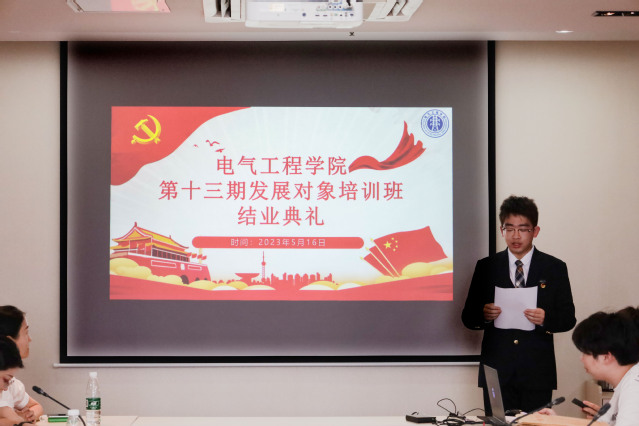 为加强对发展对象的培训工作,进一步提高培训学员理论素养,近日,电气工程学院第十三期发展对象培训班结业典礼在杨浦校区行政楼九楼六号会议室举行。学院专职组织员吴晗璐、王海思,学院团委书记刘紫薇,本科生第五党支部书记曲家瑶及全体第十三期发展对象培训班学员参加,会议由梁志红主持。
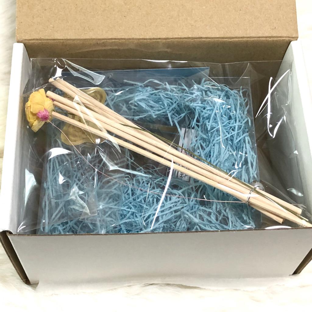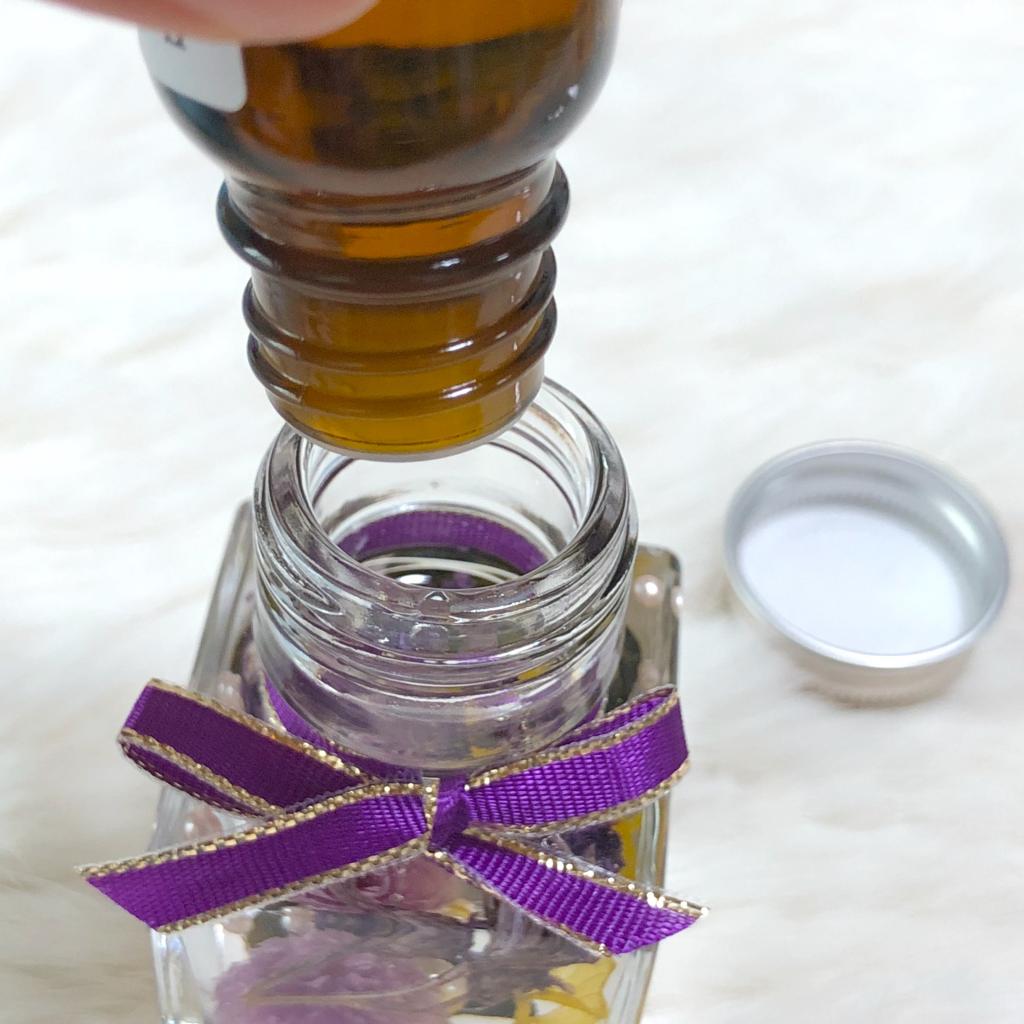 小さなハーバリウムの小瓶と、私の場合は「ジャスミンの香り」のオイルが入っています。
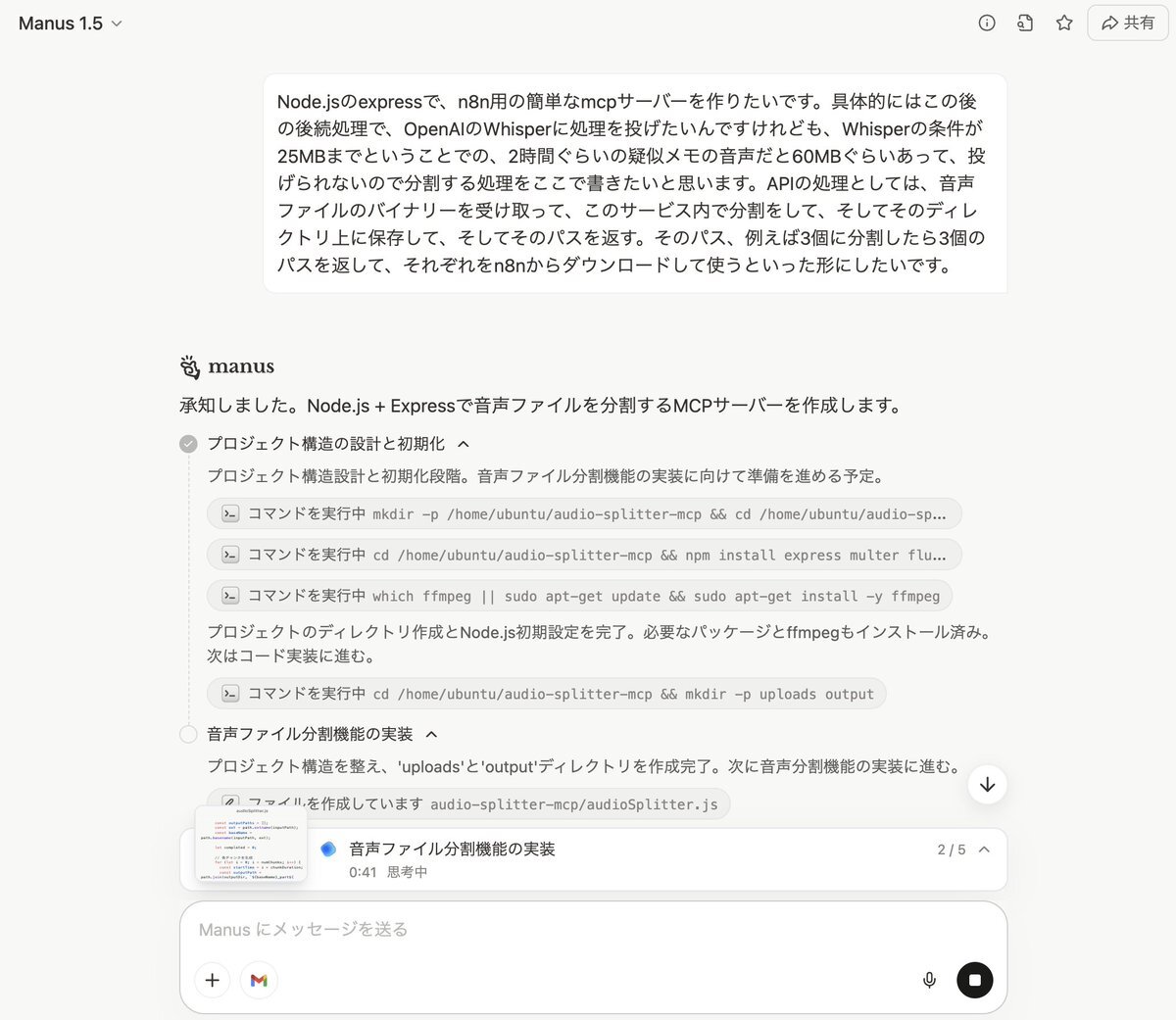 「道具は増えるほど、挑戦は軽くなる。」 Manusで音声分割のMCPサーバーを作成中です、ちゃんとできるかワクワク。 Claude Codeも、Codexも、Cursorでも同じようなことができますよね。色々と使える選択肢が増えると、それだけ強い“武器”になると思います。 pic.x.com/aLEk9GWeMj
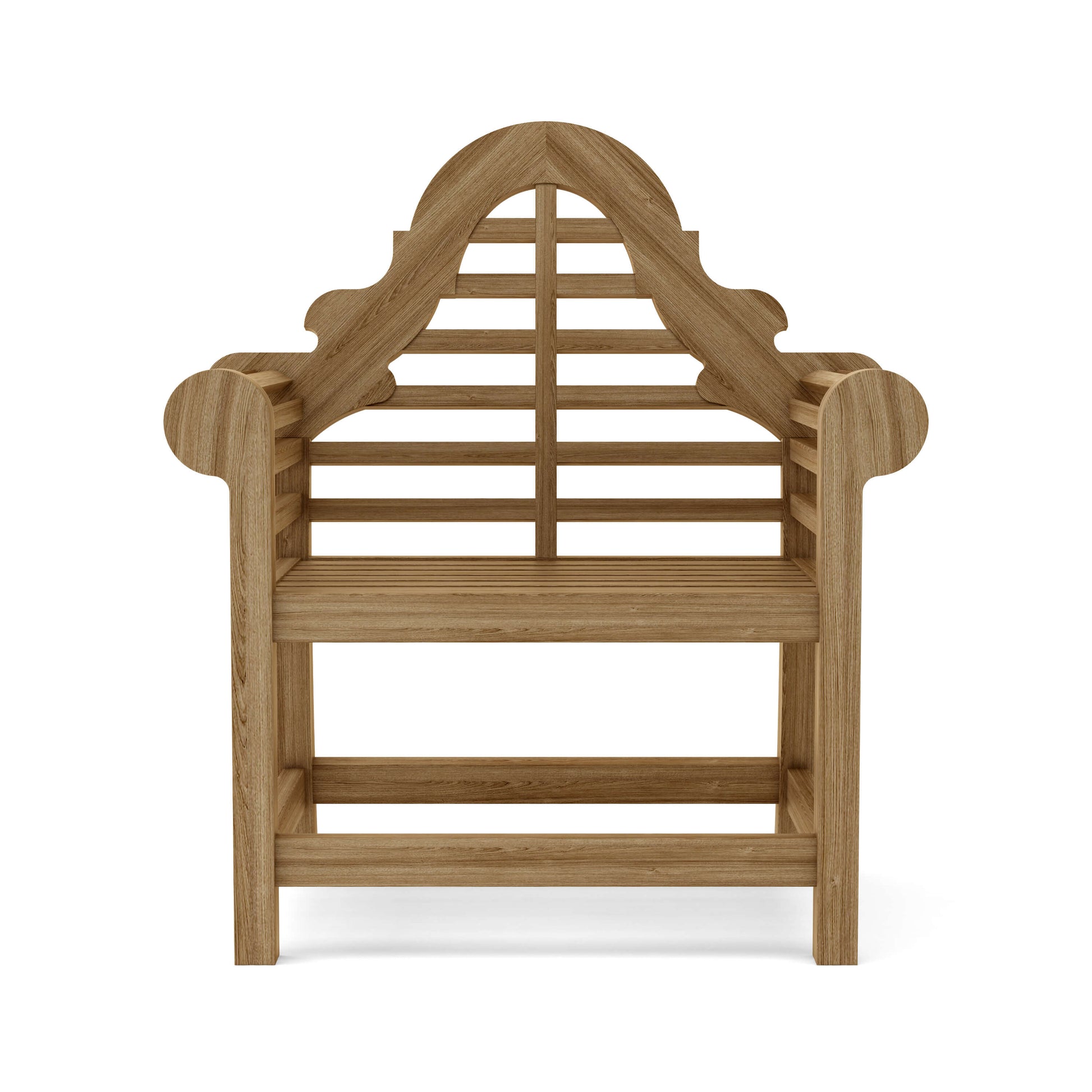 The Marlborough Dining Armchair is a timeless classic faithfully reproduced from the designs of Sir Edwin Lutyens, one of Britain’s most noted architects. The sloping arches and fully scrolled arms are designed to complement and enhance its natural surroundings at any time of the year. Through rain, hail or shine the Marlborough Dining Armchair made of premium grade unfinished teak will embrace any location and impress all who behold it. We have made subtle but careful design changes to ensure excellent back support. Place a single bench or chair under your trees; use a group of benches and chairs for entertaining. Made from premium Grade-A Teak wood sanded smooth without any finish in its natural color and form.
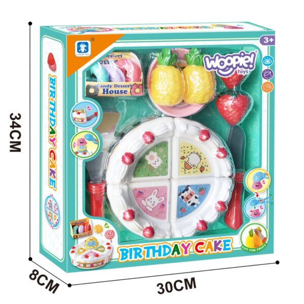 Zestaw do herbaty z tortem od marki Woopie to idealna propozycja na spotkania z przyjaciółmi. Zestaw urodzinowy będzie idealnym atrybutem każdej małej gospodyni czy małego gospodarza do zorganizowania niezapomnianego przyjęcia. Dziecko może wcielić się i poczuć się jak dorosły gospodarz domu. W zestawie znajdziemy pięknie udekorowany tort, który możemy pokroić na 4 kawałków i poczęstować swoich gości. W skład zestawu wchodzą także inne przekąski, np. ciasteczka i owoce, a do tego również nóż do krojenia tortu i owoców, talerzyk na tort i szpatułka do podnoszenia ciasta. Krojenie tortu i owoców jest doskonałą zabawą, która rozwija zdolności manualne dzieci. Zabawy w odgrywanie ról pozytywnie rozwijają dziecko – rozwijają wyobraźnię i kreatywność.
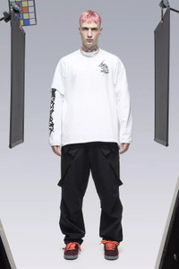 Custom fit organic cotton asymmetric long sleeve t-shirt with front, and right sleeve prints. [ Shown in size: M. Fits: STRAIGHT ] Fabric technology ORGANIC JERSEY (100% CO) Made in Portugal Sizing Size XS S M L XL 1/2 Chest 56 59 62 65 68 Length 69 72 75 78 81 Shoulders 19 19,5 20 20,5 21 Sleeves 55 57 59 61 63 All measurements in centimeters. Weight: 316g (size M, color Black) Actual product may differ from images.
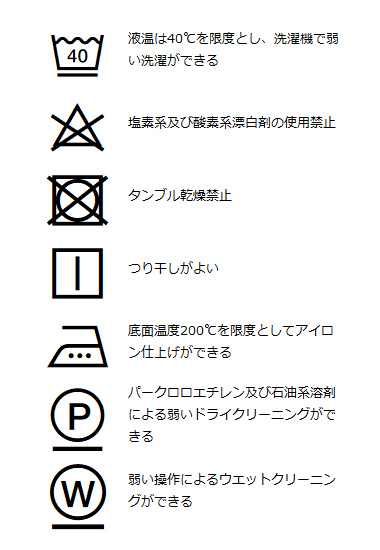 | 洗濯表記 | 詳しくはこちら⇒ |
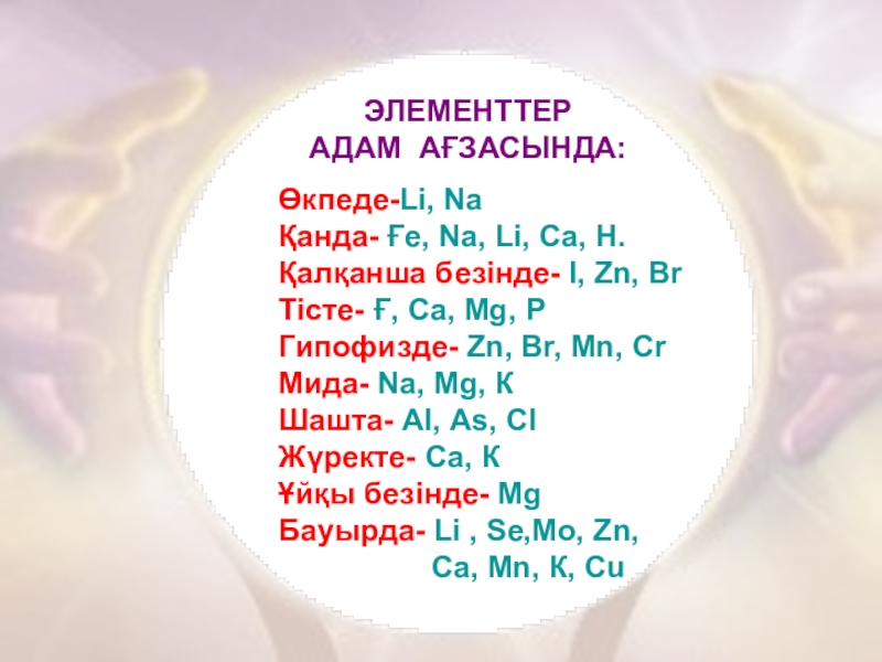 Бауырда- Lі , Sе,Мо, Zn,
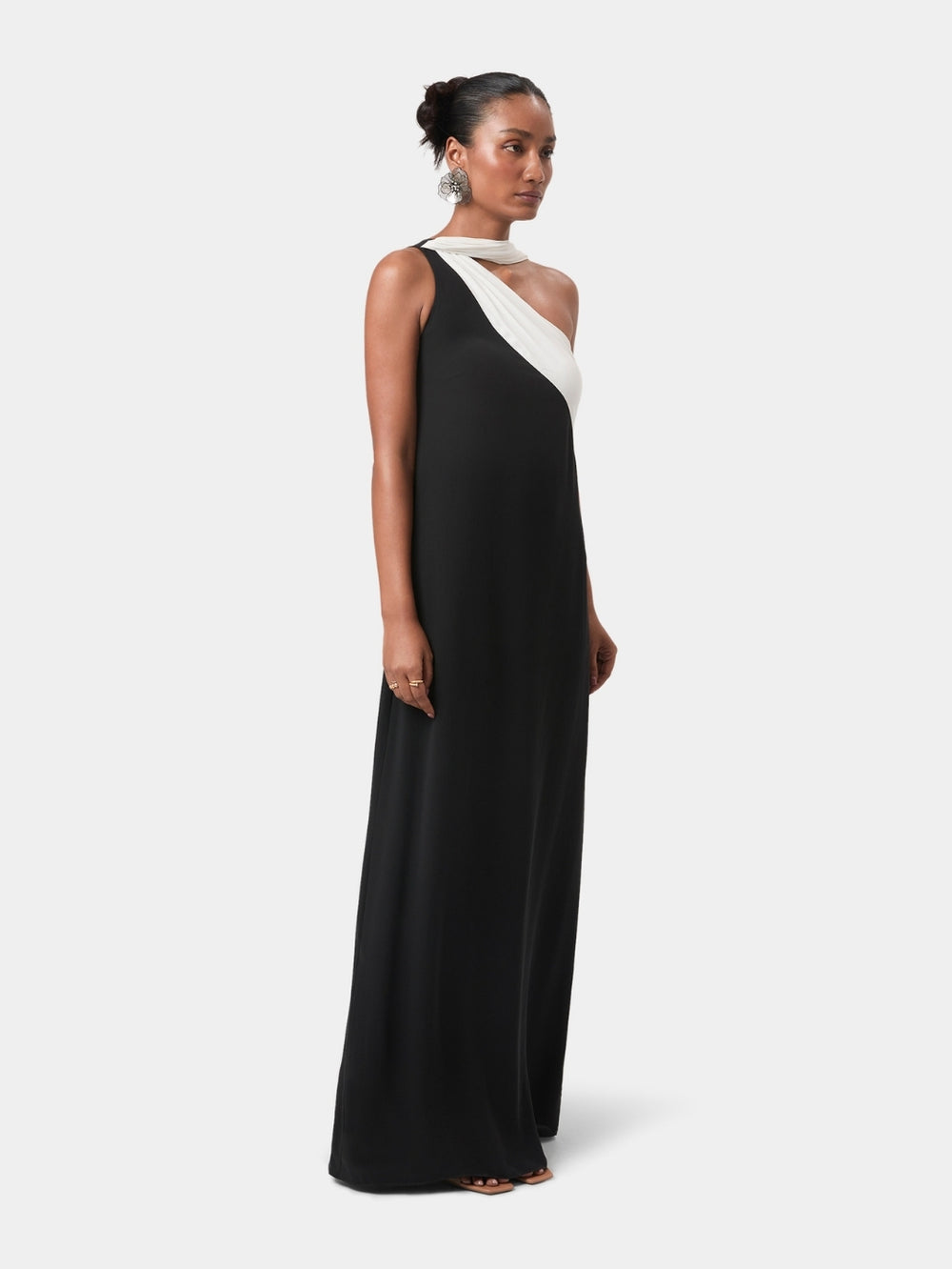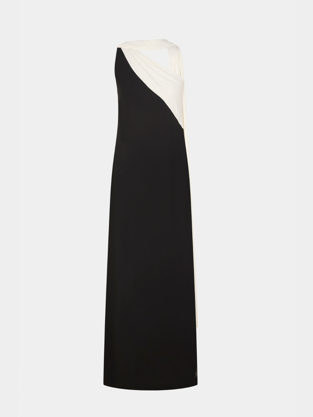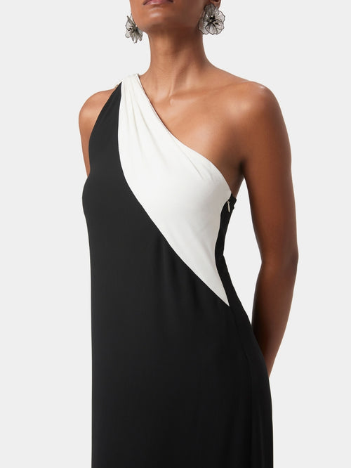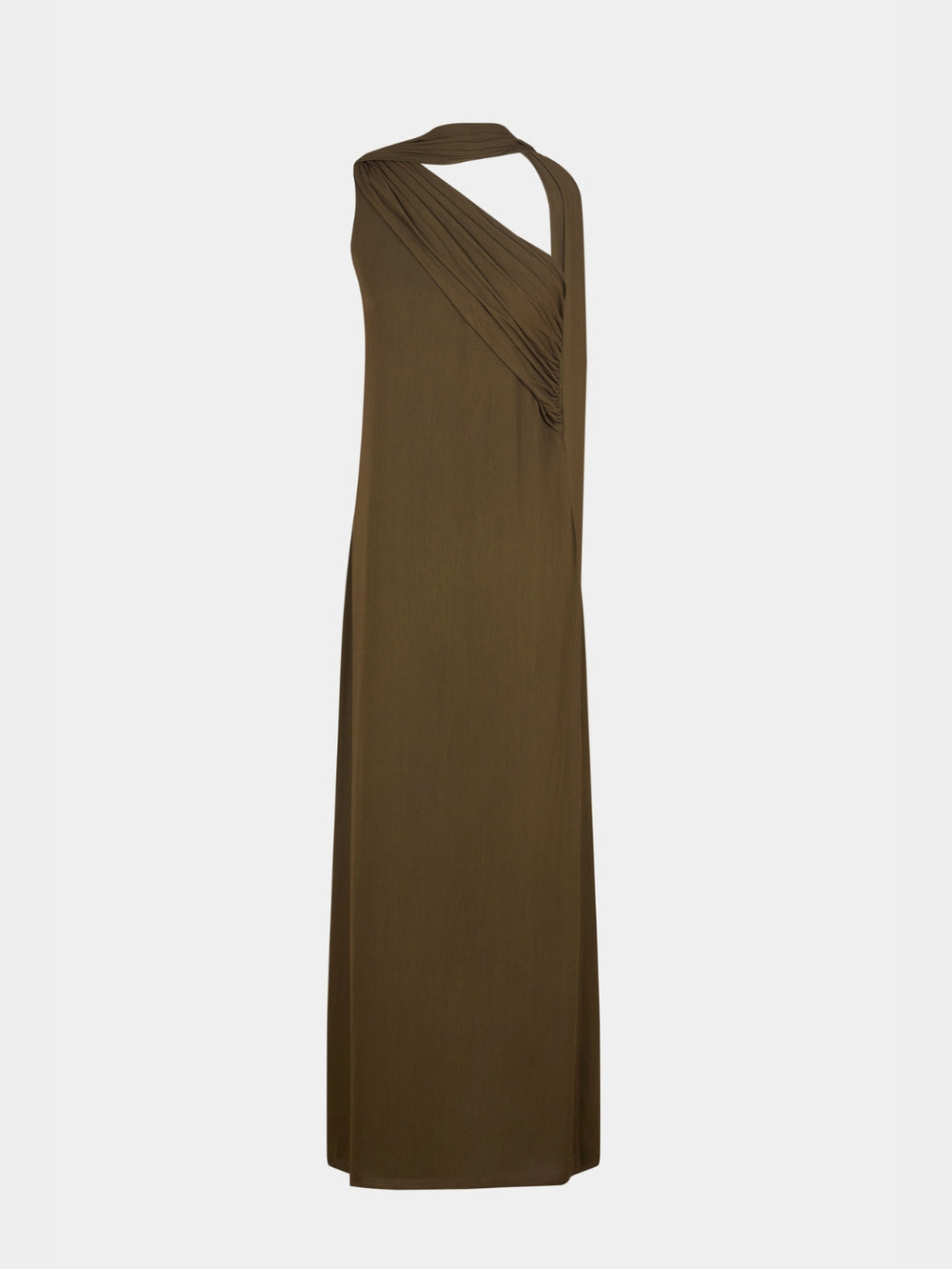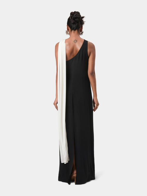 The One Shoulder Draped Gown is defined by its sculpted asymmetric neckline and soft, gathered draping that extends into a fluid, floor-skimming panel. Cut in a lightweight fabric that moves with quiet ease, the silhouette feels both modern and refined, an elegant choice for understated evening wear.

=======

Your task:
Return an exact transcription of the entries above, excluding each image.

Answer space:
 为加强对发展对象的培训工作,进一步提高培训学员理论素养,近日,电气工程学院第十三期发展对象培训班结业典礼在杨浦校区行政楼九楼六号会议室举行。学院专职组织员吴晗璐、王海思,学院团委书记刘紫薇,本科生第五党支部书记曲家瑶及全体第十三期发展对象培训班学员参加,会议由梁志红主持。
 小さなハーバリウムの小瓶と、私の場合は「ジャスミンの香り」のオイルが入っています。
 「道具は増えるほど、挑戦は軽くなる。」 Manusで音声分割のMCPサーバーを作成中です、ちゃんとできるかワクワク。 Claude Codeも、Codexも、Cursorでも同じようなことができますよね。色々と使える選択肢が増えると、それだけ強い“武器”になると思います。 pic.x.com/aLEk9GWeMj
 The Marlborough Dining Armchair is a timeless classic faithfully reproduced from the designs of Sir Edwin Lutyens, one of Britain’s most noted architects. The sloping arches and fully scrolled arms are designed to complement and enhance its natural surroundings at any time of the year. Through rain, hail or shine the Marlborough Dining Armchair made of premium grade unfinished teak will embrace any location and impress all who behold it. We have made subtle but careful design changes to ensure excellent back support. Place a single bench or chair under your trees; use a group of benches and chairs for entertaining. Made from premium Grade-A Teak wood sanded smooth without any finish in its natural color and form.
 Zestaw do herbaty z tortem od marki Woopie to idealna propozycja na spotkania z przyjaciółmi. Zestaw urodzinowy będzie idealnym atrybutem każdej małej gospodyni czy małego gospodarza do zorganizowania niezapomnianego przyjęcia. Dziecko może wcielić się i poczuć się jak dorosły gospodarz domu. W zestawie znajdziemy pięknie udekorowany tort, który możemy pokroić na 4 kawałków i poczęstować swoich gości. W skład zestawu wchodzą także inne przekąski, np. ciasteczka i owoce, a do tego również nóż do krojenia tortu i owoców, talerzyk na tort i szpatułka do podnoszenia ciasta. Krojenie tortu i owoców jest doskonałą zabawą, która rozwija zdolności manualne dzieci. Zabawy w odgrywanie ról pozytywnie rozwijają dziecko – rozwijają wyobraźnię i kreatywność.
 Custom fit organic cotton asymmetric long sleeve t-shirt with front, and right sleeve prints. [ Shown in size: M. Fits: STRAIGHT ] Fabric technology ORGANIC JERSEY (100% CO) Made in Portugal Sizing Size XS S M L XL 1/2 Chest 56 59 62 65 68 Length 69 72 75 78 81 Shoulders 19 19,5 20 20,5 21 Sleeves 55 57 59 61 63 All measurements in centimeters. Weight: 316g (size M, color Black) Actual product may differ from images.
 | 洗濯表記 | 詳しくはこちら⇒ |
 Бауырда- Lі , Sе,Мо, Zn,
 The One Shoulder Draped Gown is defined by its sculpted asymmetric neckline and soft, gathered draping that extends into a fluid, floor-skimming panel. Cut in a lightweight fabric that moves with quiet ease, the silhouette feels both modern and refined, an elegant choice for understated evening wear.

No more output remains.